REQUIRED WORK:
Write out the listing below character for character, though without its pictures.

AVAILABLE DATA:
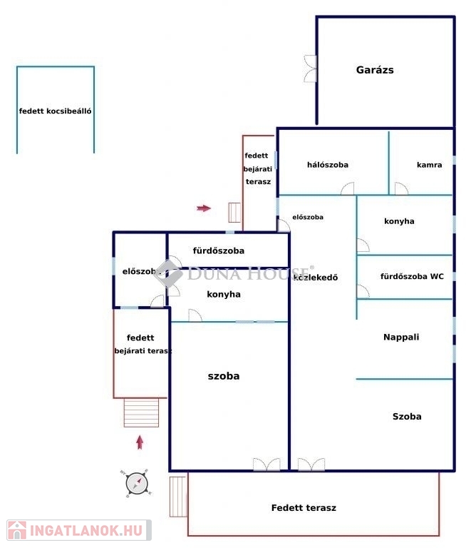 Két önálló bejárattal rendelkezik, akár összeköltözésre is alkalmas, illetve egy kisebb átalakítással egy nagyobb család kényelmét is szolgálhatja.
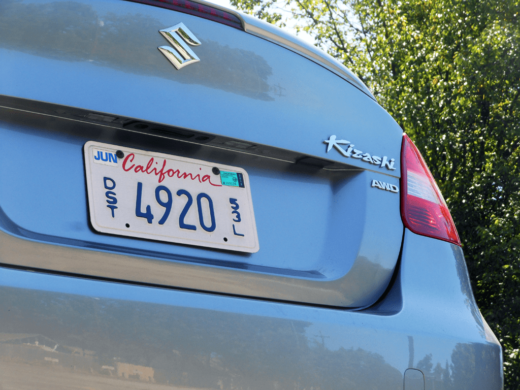 The trunk lid of the 2012 Suzuki Kizashi Sport GTS AWD shows off the chrome "Kizashi" nameplate and separate "AWD" badge alongside Suzuki's distinctive S-shaped logo, all set against a light blue metallic finish. The clean trunk styling and integrated spoiler lip give the sedan a polished, sporty look from behind.
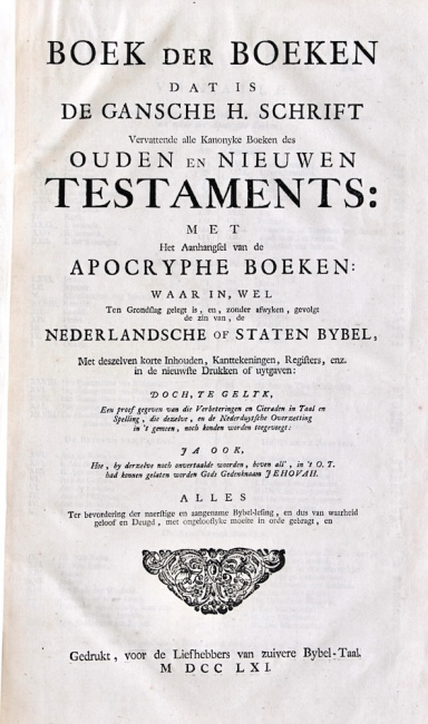 Vertaling/Benaming: z.g. Jehovahbijbel, 1ste uitgave.
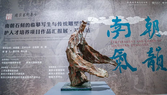 此次展览中,南京大学雕塑艺术研究所还集中展出了《南朝气韵——南朝石刻的临摹写生与传统雕塑的保护人才培养》国家艺术基金项目研修班学员们的作品。四个月来,来自全国各地的学员们深入田野寻访南朝石刻,用现代雕塑语言重新诠释南朝石刻。

SOLUTION BELOW:
 Két önálló bejárattal rendelkezik, akár összeköltözésre is alkalmas, illetve egy kisebb átalakítással egy nagyobb család kényelmét is szolgálhatja.
 The trunk lid of the 2012 Suzuki Kizashi Sport GTS AWD shows off the chrome "Kizashi" nameplate and separate "AWD" badge alongside Suzuki's distinctive S-shaped logo, all set against a light blue metallic finish. The clean trunk styling and integrated spoiler lip give the sedan a polished, sporty look from behind.
 Vertaling/Benaming: z.g. Jehovahbijbel, 1ste uitgave.
 此次展览中,南京大学雕塑艺术研究所还集中展出了《南朝气韵——南朝石刻的临摹写生与传统雕塑的保护人才培养》国家艺术基金项目研修班学员们的作品。四个月来,来自全国各地的学员们深入田野寻访南朝石刻,用现代雕塑语言重新诠释南朝石刻。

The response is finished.